Indepth Arts News:
"John James Audubon in the West: The Last Expedition - Mammals of North America"
2000-06-23 until 2000-09-24
Buffalo Bill Historical Center
Cody, WY,
USA
Most know that John James Audubon was determined to document all the species of American birds in their natural habitat. However, in 1843, Audubon made an historic trip up the Missouri River to see first-hand and document North American, four-legged animals. This remarkable trek resulted in Audubon's dramatic catalog of mammals called The Viviparous Quadrupeds of North America and is the story told in this Buffalo Bill Historical Center exhibition.
Curator of the Whitney Gallery of Western Art Sarah Boehme explains, John James Audubon is associated with artistic images of birds, with conservation issues, and with geographic locations of the Deep South. He doesn't immediately spring to mind when we think of the major artists of the American West, such as George Catlin, Thomas Moran, Albert Bierstadt, Frederic Remington and Charles M. Russell. Yet Audubon made this important trip to the West, traveling up the Missouri River as far as the trading post Fort Union.
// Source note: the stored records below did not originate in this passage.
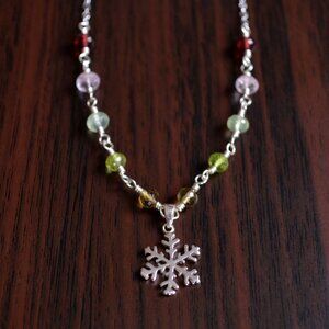 This pretty snowflake necklace makes an ideal gift this holiday season. In the center is a beautifully detailed snowflake pendant. This solid sterling silver pendant is about 13 x 20mm. A series of gemstones decorates the chain on either side, and includes garnet, morganite, prehnite, grossular garnet and honey quartz. I chose colours that represent an old-fashioned Christmas. Bright, sterling silver cable chain completes the necklace, and the clasp is accented with tiny peridot stones. This is a necklace that she will wear for years to come!
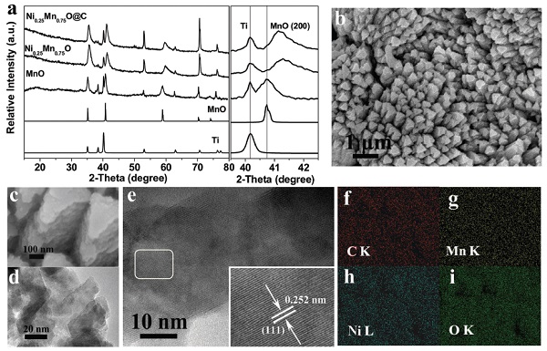 a) MnO, Ni25Mn0.75O和Ni0.25Mn0.75O@C的XRD全谱和部分放大谱;
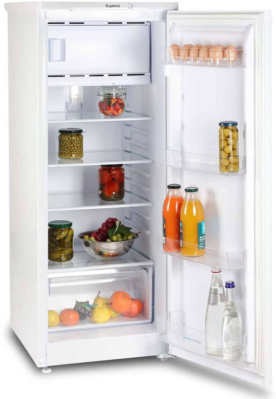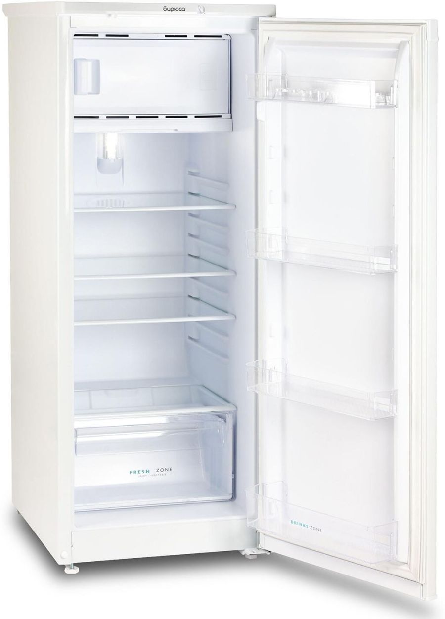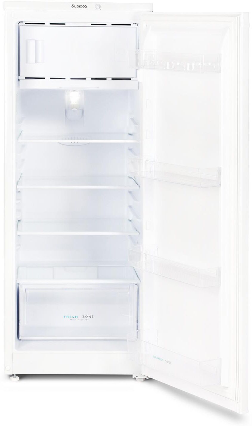 Аналог Бирюса Б110 180л белый; Габариты (ВхШхГ): 122,5x48x60,5см; Общий объем: 180л; Холодильная камера: 153л; Морозильная камера: 27л.; Количество камер: однокамерный; Расположение морозильной камеры: Верхнее; Компрессор: 1; Управление: механическое; Температура в режиме хранения в морозильной камере (отделение "две звезды"): не выше,°C: -12; Освещение: LED; Класс энергоэффективности: A; Ручная разморозка морозильной камеры; Светодиодная лампа освещения; Перенавешиваемые дверцы; Регулируемые по высоте ножки; Уровень шума: 40дБ; Цвет: Белый
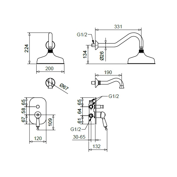 Bugnatese Oxford 6369BR Fal alatti esőztető kádkifolyóval BR / BRONZBugnatese

He saw many of the same sites as Catlin and the Swiss artist Karl Bodner who also portrayed the region in the early nineteenth century.
The special exhibition John James Audubon in the West: The Last Expedition: Mammals of North America is being made possible by a grant from the Shell Oil Company Foundation. The exhibition closes September 24, 2000 and will travel to Philadelphia, Los Angeles and Houston.